To start, German translation exercises can give you a more fluent understanding of German grammar. As opposed to strictly learning the rules from a textbook, over time, translating helps you to inherently understand the structure and flow of German. The way a sentence should be phrased will just sound natural to you at a certain point.
Similarly, you’ll be learning and applying German vocabulary in context. This is always more memorable than just matching up words to their definitions.
My favorite thing about German translation exercises is that you can tailor them to your personal interests and abilities with German. Because I’d started finding my own exercises for a specific purpose, I carefully selected the topic of the translation exercises I would be doing.
Not only that, but I also searched for material that was within and maybe a little beyond my current level of German. That way, I was able to really push myself and improve as much as possible, as quickly as possible.
Need a Real German Workout? How to Use and Make Your Own Translation Exercises
Where to Find the Best Online German Translation Exercises
When I first started doing German translation exercises on my own, naturally I started out with those others had already made. Luckily enough for you, I’ve done all the hard work and gathered a few for you here already.
Below are some online German translation exercises of various levels of difficulty, many of which come with solutions built-in so you can check your work.
If you’re simply looking for some quick, intermediate-level German translation exercises, here are two simple worksheets to get you started. Early on in my search for translation work I found these on the web.
While they’re not very long (each is about 20 sentences of work), they’ll require you to apply your everyday, conversational German skills. You’ll encounter statements, questions, commands, negation and more.
Simply head to the above link and click on the “Translation Worksheet” you want to open.
This “wikibook” is actually an entire online textbook designed to guide you through the beginner stages and up. Its more advanced levels are still being developed, but I found it quite comprehensive with both language theory and practice.
Each of the exercise sets includes German translation exercises for you to sharpen your skills. To guide you through it, each “section” is broken down into lessons, each of which has a set of review exercises at the end. Many of these include translation exercises with answers.
While the wikibook linked above is the official version, there are also PDF versions of it floating around. There’s a quite minimalist PDF version linked from the homepage of the wikibook, but I also found this PDF of the book floating around Wikimedia.
How does translating action movies, music videos and funny YouTube clips sound? Interesting? Exciting? You’ll find all of this—and much more—on FluentU.
FluentU is one of the best websites and apps for learning German the way native speakers really use it. FluentU takes real-world videos—like music videos, movie trailers, news and inspiring talks—and turns them into personalized language learning lessons.
Watch authentic media to simultaneously immerse yourself in the German language and build an understanding of the German culture.
By using real-life videos, the content is kept fresh and current. Topics cover a lot of ground as you can see here:
Vocabulary and phrases are learned with the help of interactive subtitles and full transcripts.
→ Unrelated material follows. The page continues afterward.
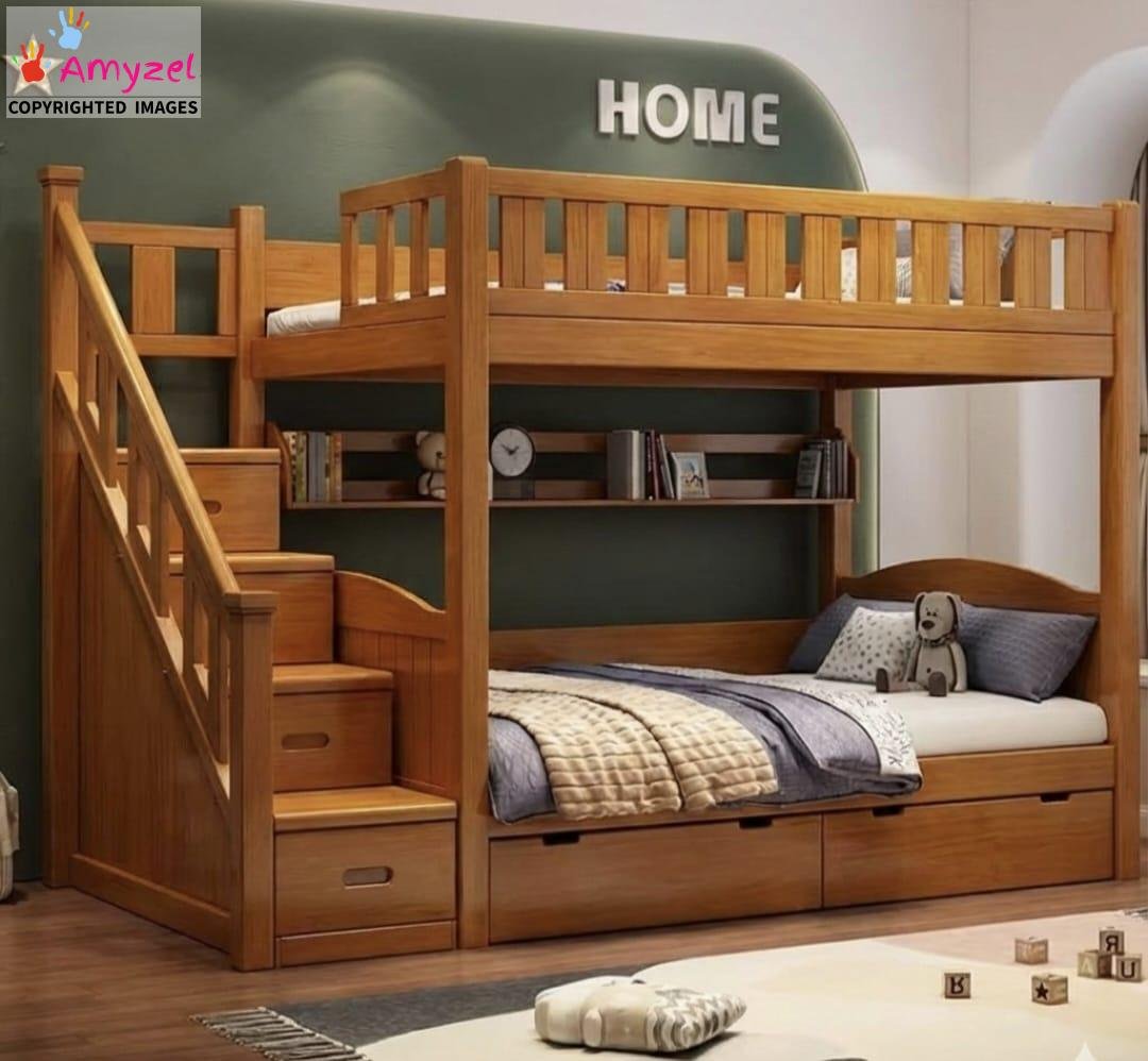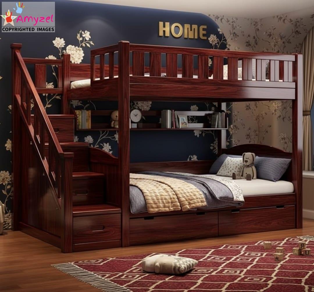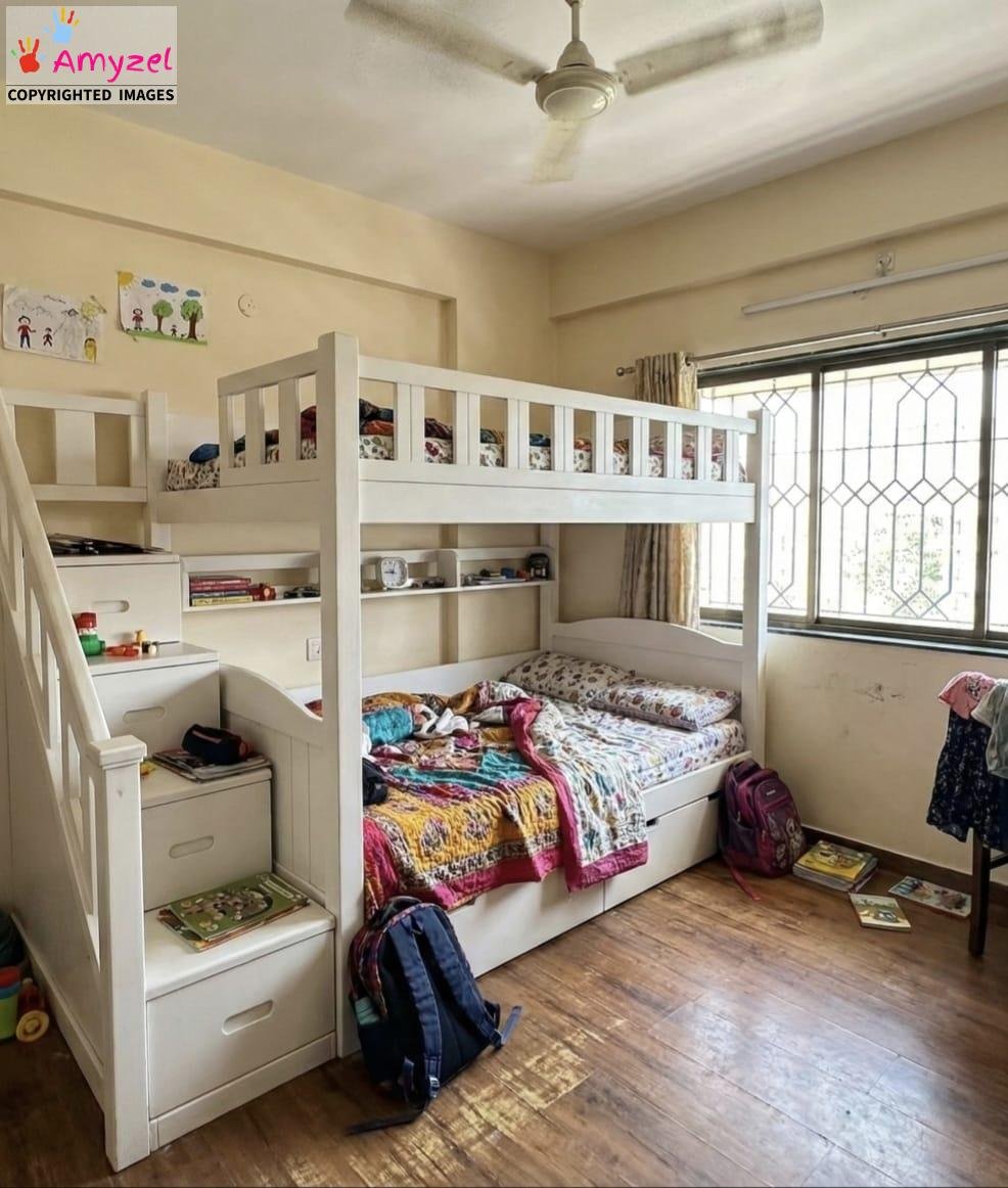 This is easily the best kids’ furniture purchase we’ve made. The stairs are fantastic—much safer than a traditional ladder for our little one climbing up to the top bunk. The fact that the stairs double as deep, built-in storage cabinets is brilliant! It saves so much floor space, and the Sheesham wood is high quality. It truly is a space-saving powerhouse and looks amazing in the room. Hats of to team Amyzel.

Hovering over or tapping on any word in the subtitles will automatically pause the video and instantly display its meaning. Interesting words you don’t know yet can be added to a to-learn list for later.
For every lesson, a list of vocabulary is provided for easy reference and bolstered with plenty of examples of how each word is used in a sentence.
Your existing knowledge is tested with the help of adaptive quizzes in which words are learned in context.
FluentU keeps track of the words you’re learning and gives you extra practice with difficult words. It'll even remind you when it’s time to review what you’ve learned.
This way, you have a truly personalized learning experience.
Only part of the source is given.